Your instructions:
When you reach the line with "中國建材集團黨委常委、副總經" in the records below, begin transcribing exactly and continue up to and including the line with "There are a", leaving out every picture.

Supplied material:
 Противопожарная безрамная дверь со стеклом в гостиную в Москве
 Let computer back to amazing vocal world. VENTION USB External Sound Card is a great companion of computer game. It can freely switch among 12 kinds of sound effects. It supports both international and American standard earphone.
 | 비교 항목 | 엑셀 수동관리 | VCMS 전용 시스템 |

--

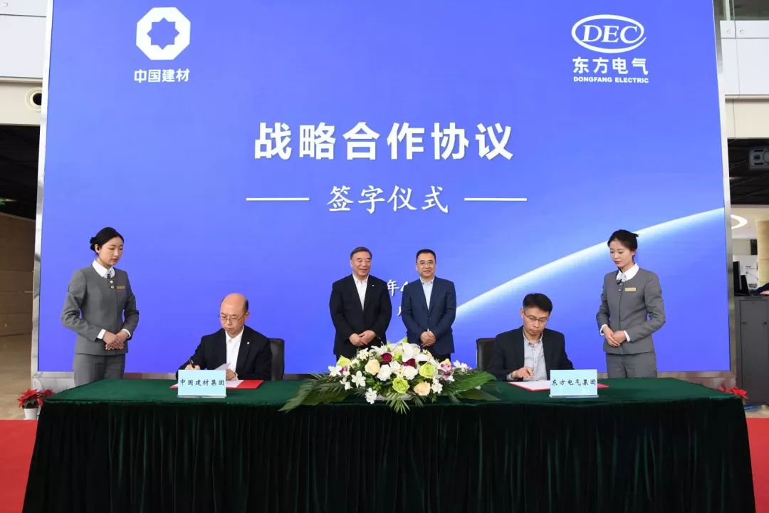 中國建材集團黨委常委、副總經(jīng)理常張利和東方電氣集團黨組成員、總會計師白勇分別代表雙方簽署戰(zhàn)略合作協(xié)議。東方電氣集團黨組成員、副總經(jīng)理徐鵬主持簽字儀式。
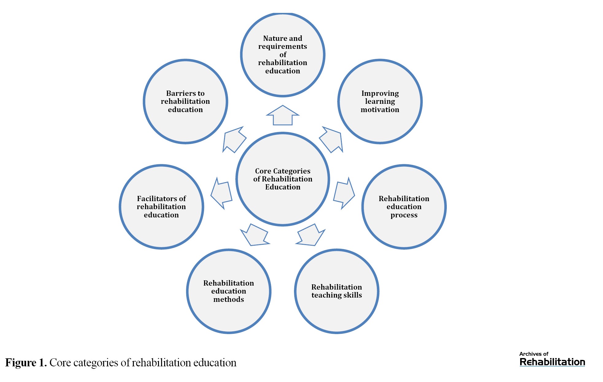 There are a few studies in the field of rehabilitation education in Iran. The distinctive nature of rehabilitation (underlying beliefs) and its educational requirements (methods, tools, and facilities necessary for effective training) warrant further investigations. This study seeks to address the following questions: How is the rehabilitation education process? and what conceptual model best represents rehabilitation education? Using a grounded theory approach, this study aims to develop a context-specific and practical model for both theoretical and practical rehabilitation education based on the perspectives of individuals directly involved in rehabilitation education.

Response:
 中國建材集團黨委常委、副總經(jīng)理常張利和東方電氣集團黨組成員、總會計師白勇分別代表雙方簽署戰(zhàn)略合作協(xié)議。東方電氣集團黨組成員、副總經(jīng)理徐鵬主持簽字儀式。
 There are a few studies in the field of rehabilitation education in Iran. The distinctive nature of rehabilitation (underlying beliefs) and its educational requirements (methods, tools, and facilities necessary for effective training) warrant further investigations. This study seeks to address the following questions: How is the rehabilitation education process? and what conceptual model best represents rehabilitation education? Using a grounded theory approach, this study aims to develop a context-specific and practical model for both theoretical and practical rehabilitation education based on the perspectives of individuals directly involved in rehabilitation education.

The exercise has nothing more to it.